# Material to process

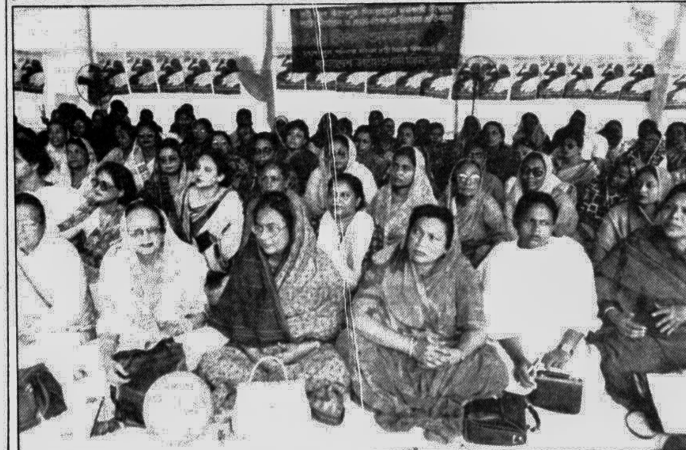
Jatiyatabadi Mahila Dal observed a token hunger strike at Ramna Batamul in the city yesterday protesting alleged rape and abduction of some women by ruling partymen at Simrail near Kanchpur on the night of June 8.
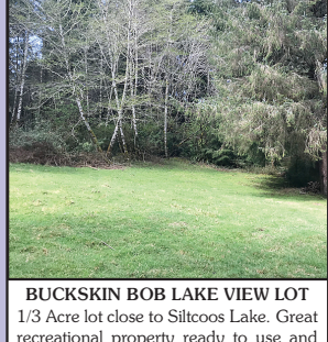
BUCKSKIN BOB LAKE VIEW LOT 1/3 Acre lot close to Siltoos Lake. Great recreational property ready to use and enjoy. Septic and power installed. Gentle rolling terrain and canopy of trees to the west for privacy. 2nd story lake view potential. Close to fishing, trails, and all Siltoos Lake activities. $104,900 #11811 MLS#19066250
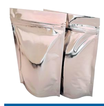
Shiny Silver/Shiny Silver
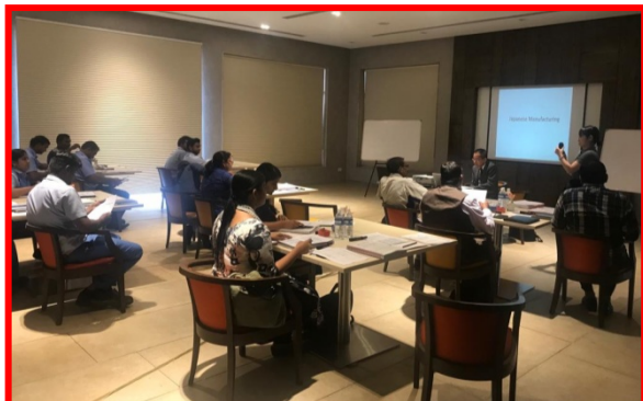
Train the Trainers program in progress

AOTS – Japan conducted the Training Program on Train the Trainers at Japan India Institute for Manufacturing, Sri City Tada, from 24 th to 28 th June 2019
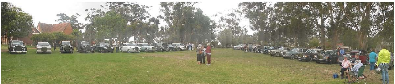
Alan Dickson took these lovely panoramas, showing the impressive lineup of proper motor cars on the day
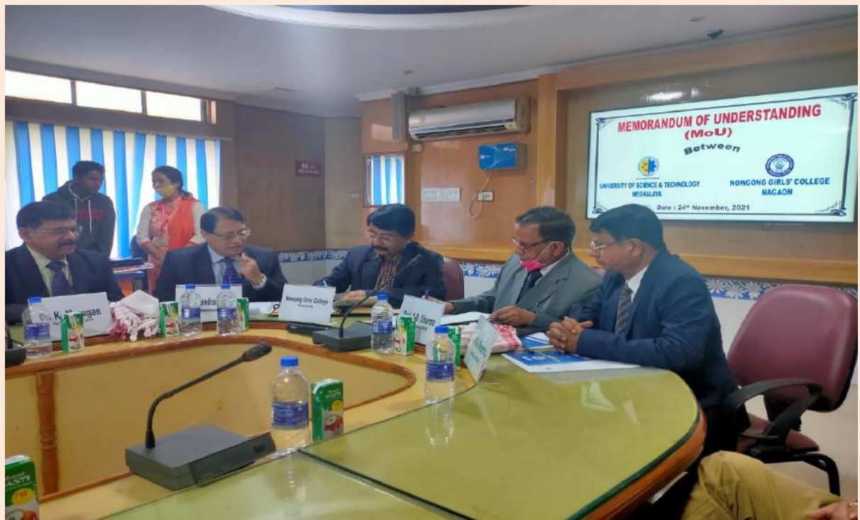
MoU Signing Ceremony between USTM and Nowgong Girls' College, Nagaon dated 24/11/2021
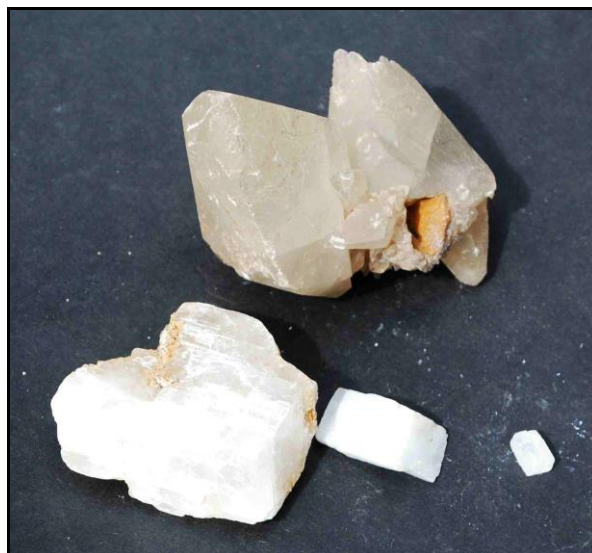
5. Cleavage: well-formed 'dog-tooth' crystals of calcite (top) with cleaved fragments of calcite (bottom)

The photo shows two really good "dog-tooth" crystals of calcite, with some cleavage rhombs lying in front of them.
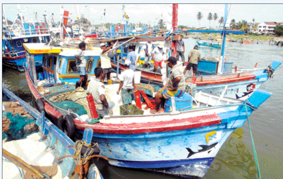
A Multi- Day craft
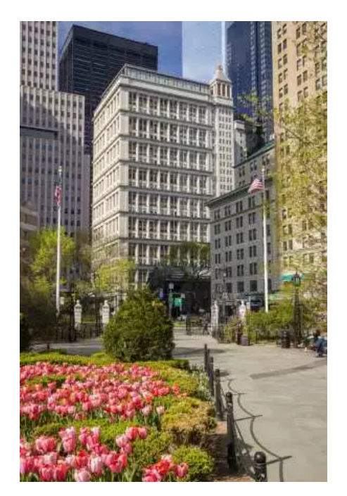
L&L carefully renovated neoclassical 195 Broadway to Include glass-walled stores. Alan Schindler

During excavation work, his crew found a glass cream bottle, labeled Sheffield Farms, some 70 feet below the surface. It was a major dairy and milk supplier to the city during the first half of the 20th century.

# Try it
Above are some records; quote exactly and only the lines that begin at the line containing "AOTS – Japan" and stop after the line containing "Alan Dickson took", leaving out the pictures.

# Exercise output
AOTS – Japan conducted the Training Program on Train the Trainers at Japan India Institute for Manufacturing, Sri City Tada, from 24 th to 28 th June 2019
Alan Dickson took these lovely panoramas, showing the impressive lineup of proper motor cars on the day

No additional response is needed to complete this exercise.